[[ Exercise data, beginning ]]

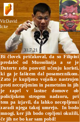 In Filipini povsem kopirajo nekdanjega fašističnega voditelja, žal v letu 2021. Covid pa je medtem banka za shranjevanje zaslužka od laži in cepiv. Da pride do tega mora elita vpeljati popoln strah, ta pa šele prinaša velike denarje. Gibraltar je še kako zanimiv za kakšno grofijo v celoti, zato so že cepili vse!
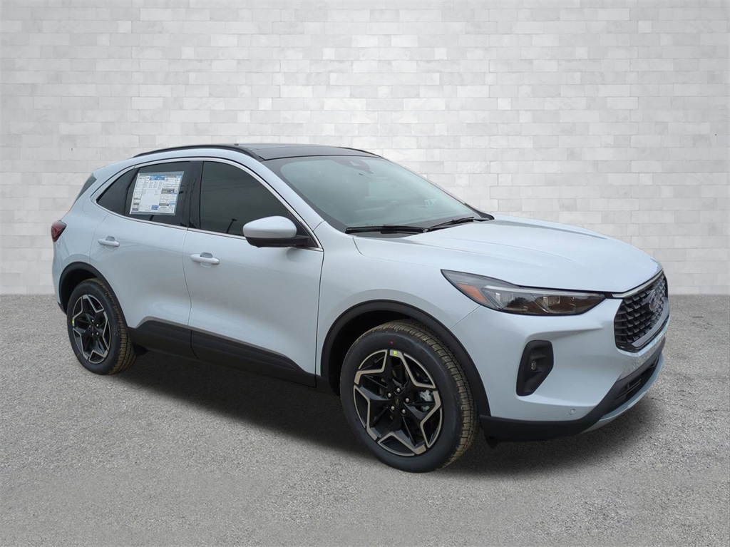 2026 Space Silver Metallic 2026 Ford Escape Hybrid Platinum AWD 2.5L iVCT 2.5L iVCT. Class II Trailer Tow Package, Equipment Group 600A (10-Way Power Driver's Seat w/Memory, 2.91 Axle Ratio, 6-Way Power Front Passenger Seat, ActiveX Trimmed Heated Front Sport Contour Bucket Seats with Mini-Perforations, Connected Navigation (1-Year Included), Electronic Fuel Door Release, Ford App, Neutral Towing Capability, Pedestrian Alert Sounder, Radio: AM/FM Stereo with SiriusXM 360L, SYNC 4 with Enhanced Voice Recognition, and Wheels: 19" Machined-Face Ebony-Painted Aluminum), Premium Technology Package (360-Degree Camera with Split View, ActiveX Trimmed Heated Front Sport Contour Bucket Seats with Quilting Design, B&O Sound System by Bang & Olufsen, Front Parking Sensors, HD Radio, Head-Up Display, and Reverse Brake Assist), 2.5L iVCT, 4-Wheel Disc Brakes, 6 Speakers, ABS brakes, Air Conditioning, Alloy wheels, AM/FM radio: SiriusXM 360L, Auto High-beam Headlights, Auto-dimming Rear-View mirror, Automatic temperature control, Black Roof-Rack Side Rails, Brake assist, Bumpers: body-color, Compass, Delay-off headlights, Driver door bin, Driver vanity mirror, Dual front impact airbags, Dual front side impact airbags, Electronic Stability Control, Emergency communication system: SYNC 4 911 Assist, Four wheel independent suspension, Front anti-roll bar, Front Bucket Seats, Front Center Armrest, Front dual zone A/C, Front fog lights, Front reading lights, Fully automatic headlights, Heated door mirrors, Heated front seats, Heated steering wheel, Illuminated entry, Knee airbag, Low tire pressure warning, Memory seat, Navigation system: Connected Navigation, Occupant sensing airbag, Outside temperature display, Overhead airbag, Overhead console, Panic alarm, Panoramic Vista Roof, Passenger door bin, Passenger vanity mirror, Power door mirrors, Power driver seat, Power Liftgate, Power passenger seat, Power steering, Power windows, Radio data system, Rear anti-roll bar, Rear Parking Sensors, Rear reading lights, Rear seat center armrest, Rear window defroster, Rear window wiper, Remote keyless entry, Security system, Speed control, Speed-sensing steering, Speed-Sensitive Wipers, Split folding rear seat, Spoiler, Steering wheel mounted audio controls, Tachometer, Telescoping steering wheel, Tilt steering wheel, Traction control, Trip computer, and Variably intermittent wipers Courtesy Ford and Lincoln of Rome 101 Hwy 411 E Rome, Ga 30161 ROMEFORDLINC.COM 706.235.4453.
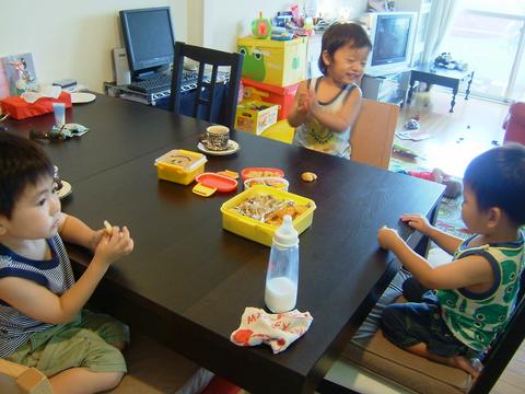 久しぶりに百木野家へ。葵は幼稚園なのでまずは3歳以下のお弁当タイム。
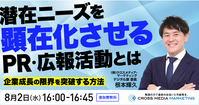 株式会社クロスメディア・マーケティング(本社:東京都渋谷区、代表取締役 美濃部哲也、以下クロスメディア・マーケティング)は、企業のPR担当者、広報担当者向けに【これからの時代の広報戦略】オウンドメディアを活用したブランディング手法セミナーを、2023年8月2日(火)16:00よりオンラインにて開催いたします。
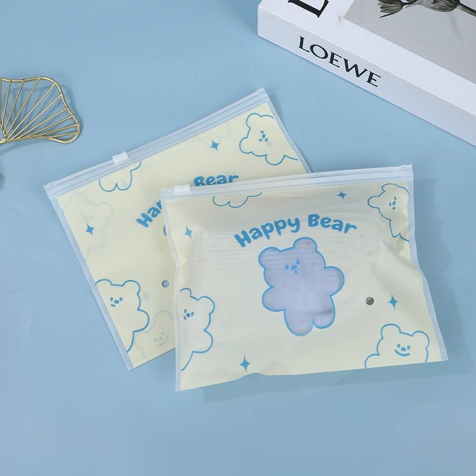 Sac auto-scellant personnalisé, design simple, mignon, pour emballage de sous-vêtements, sac transparent en PE avec fermeture éclair, sac de rangement pour maillot de bain, bonnet, masque
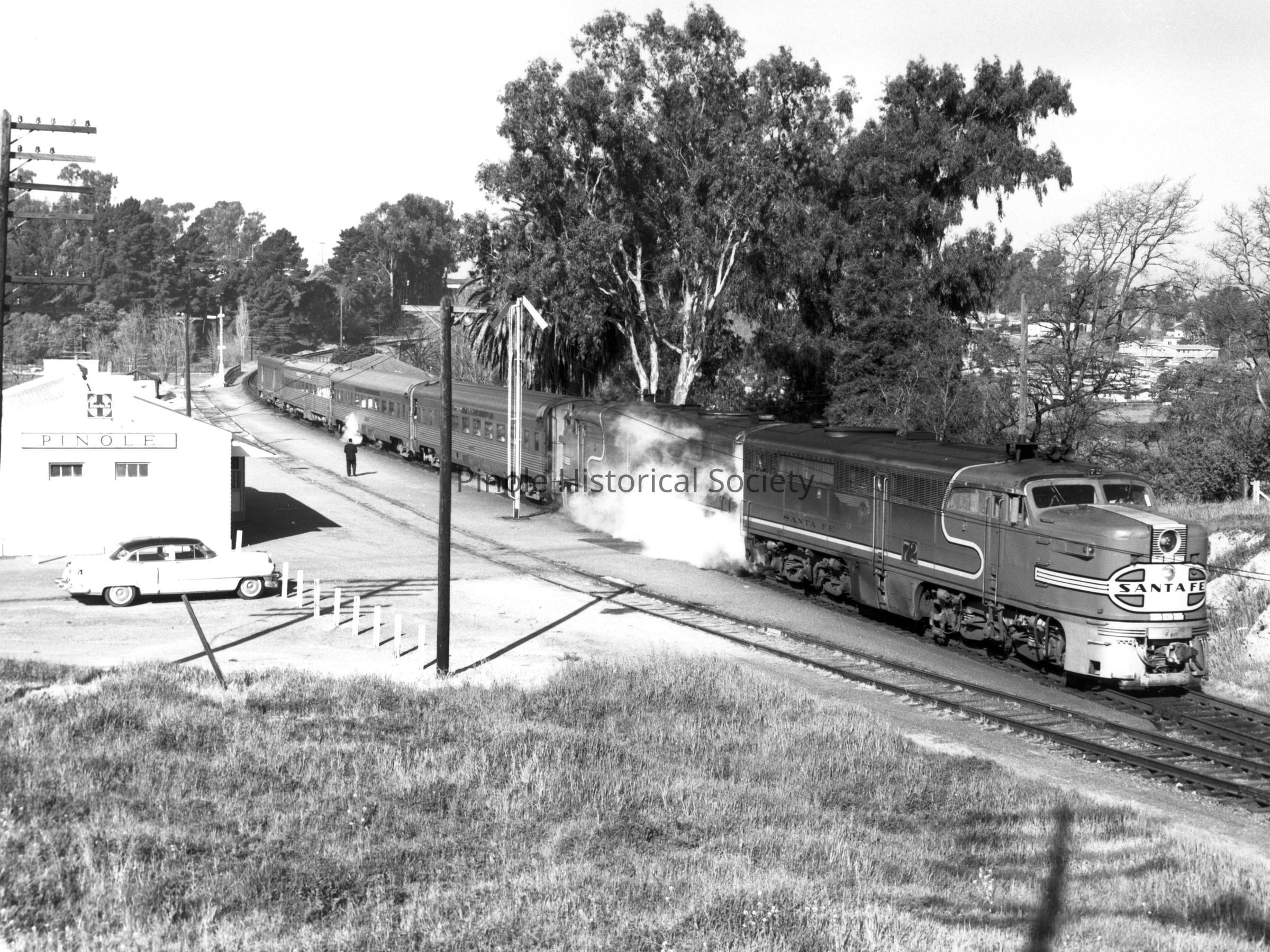 Santa Fe #72 moves eastbound through Pinole on March 20, 1965 passing the Santa Fe Depot. The final Santa Fe depot, designed by H. L. Gilman and built in 1945, replaced the one serving Pinole from 1901-1944, when it burned to the ground. Gilman’s design was developed for Santa Fe depots on the Coast Lines during World War II. The Pinole depot was demolished by the railroad in August 1998.Copyright
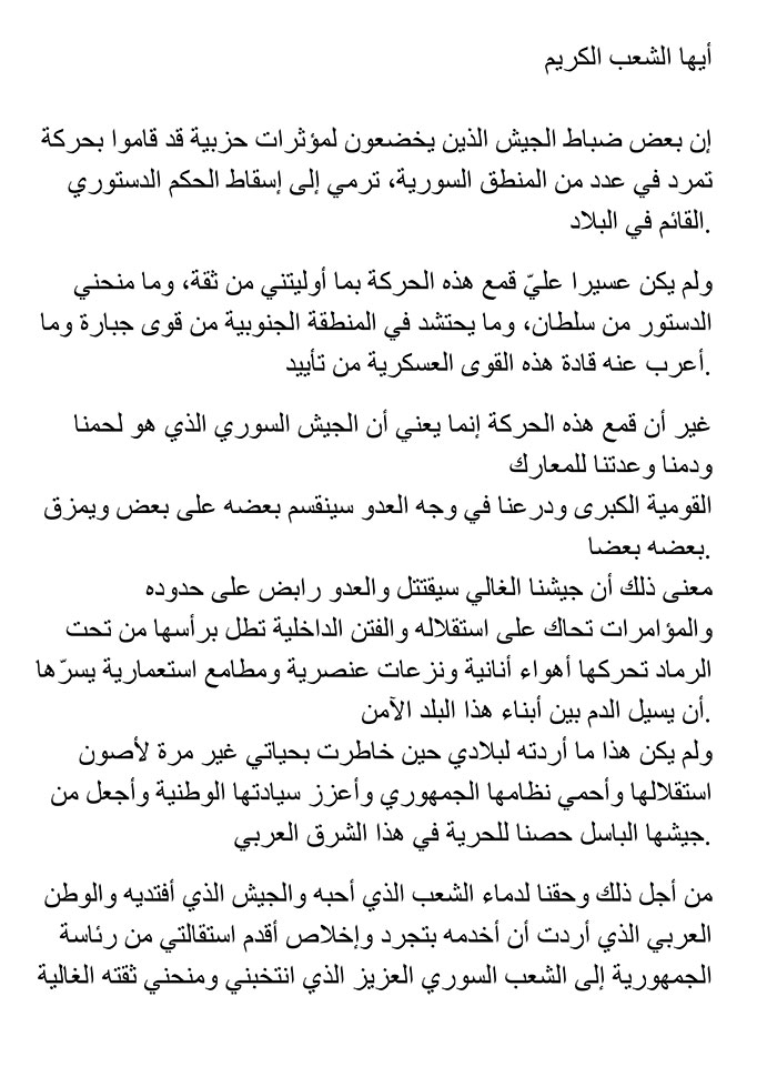 However, suppressing this movement would have meant dividing and tearing apart the Syrian Army; our flesh and blood; our asset for the ultimate national battle; and our shield against the enemy. It would have meant infighting within our cherished army when the enemy is at our doorstep and plots are being hatched against our independence. Sedition is being revived, driven by selfish whims, racist inclinations and colonial ambitions that would thrive on the bloodshed of the people of this safe country.
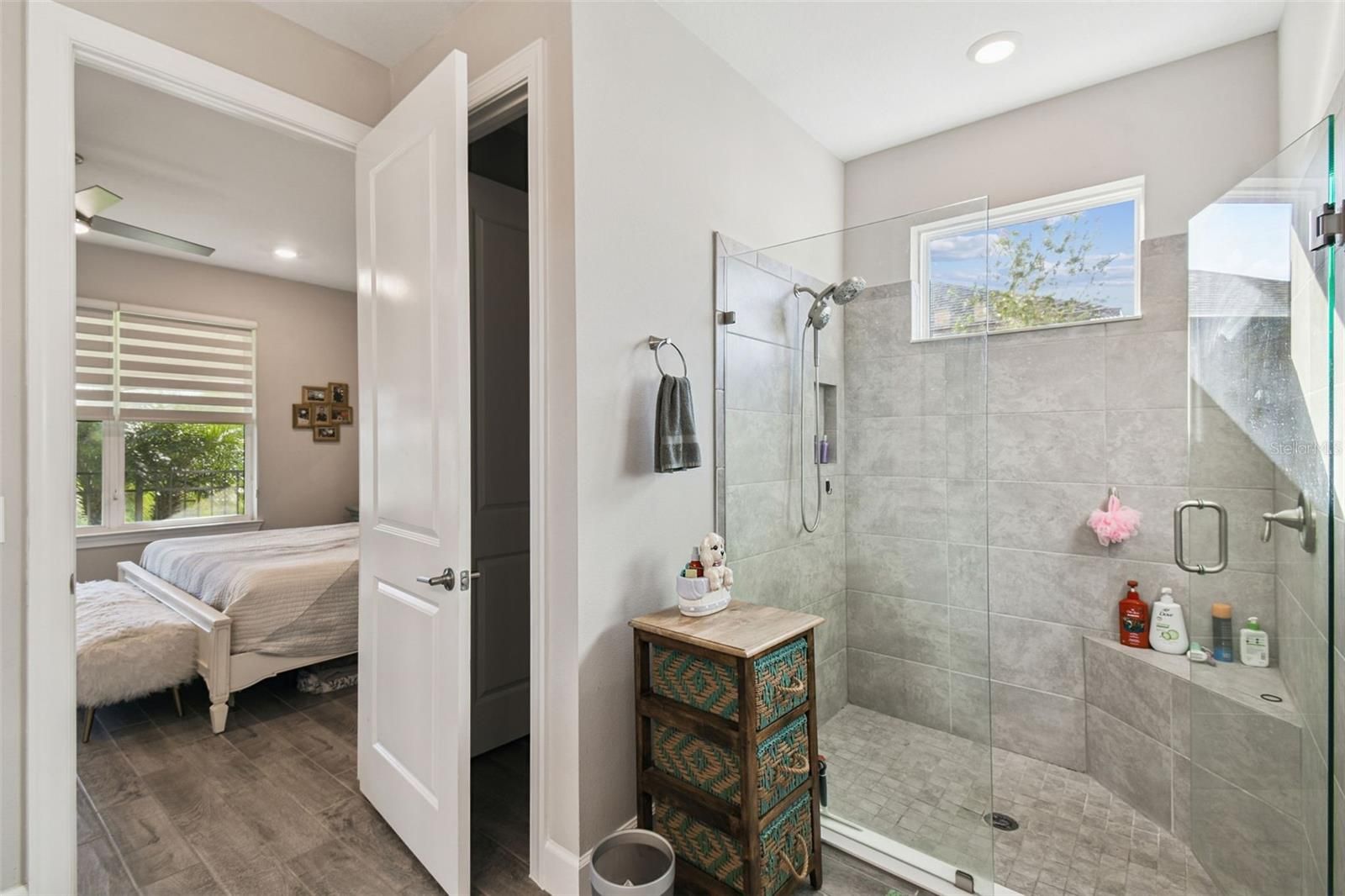 - Ceiling Fan(s), Living/Dining Room, Open Floorplan, Main Level Primary, Stone Counters, Thermostat, Walk-In Closet(s), Window Treatments
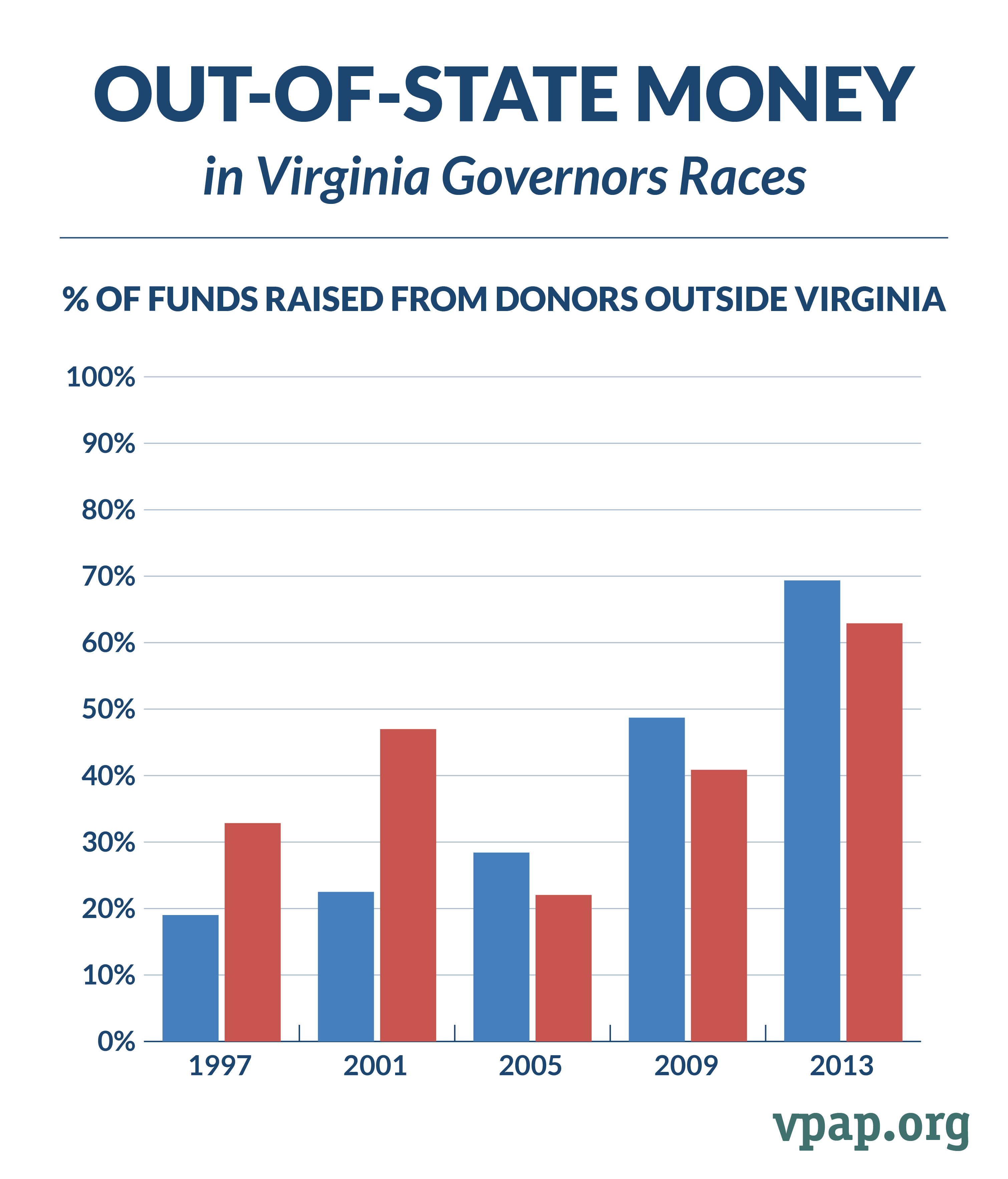 This graphic compares the percentage of money gubernatorial candidates raised from donors outside of Virginia during the last five election cycles.
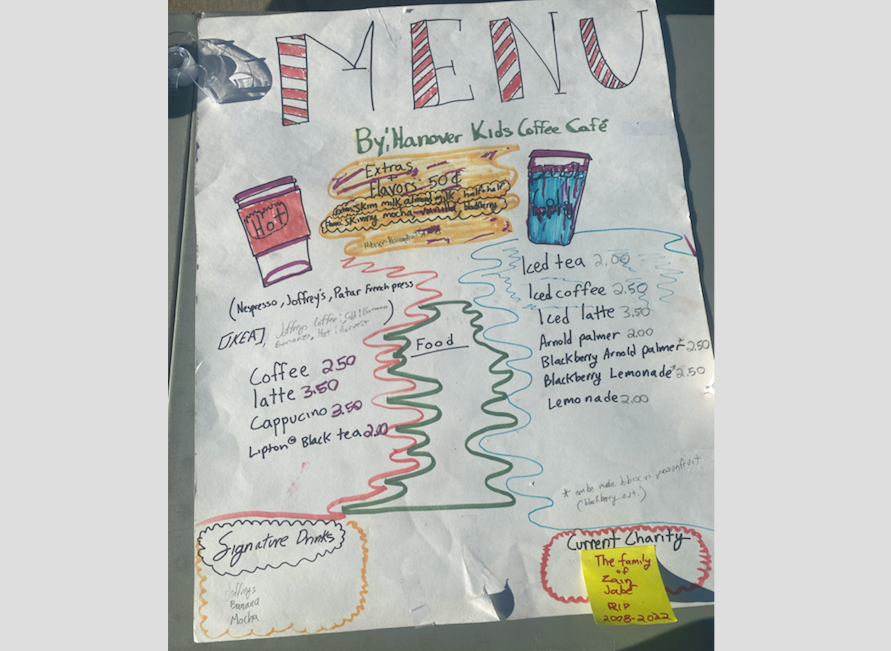 The café is all the kids' brainchild, with handwritten and drawn menus, acquired coffee-making skills, signs for advertising, and even a commercial.

[[ Exercise data, end ]]

_What you should do_: Copy exactly the lines from the line containing "- Ceiling Fan(s), Living/Dining" through the last line of the records, both included, and omit every picture.

_Answer to the problem_:
 - Ceiling Fan(s), Living/Dining Room, Open Floorplan, Main Level Primary, Stone Counters, Thermostat, Walk-In Closet(s), Window Treatments
 This graphic compares the percentage of money gubernatorial candidates raised from donors outside of Virginia during the last five election cycles.
 The café is all the kids' brainchild, with handwritten and drawn menus, acquired coffee-making skills, signs for advertising, and even a commercial.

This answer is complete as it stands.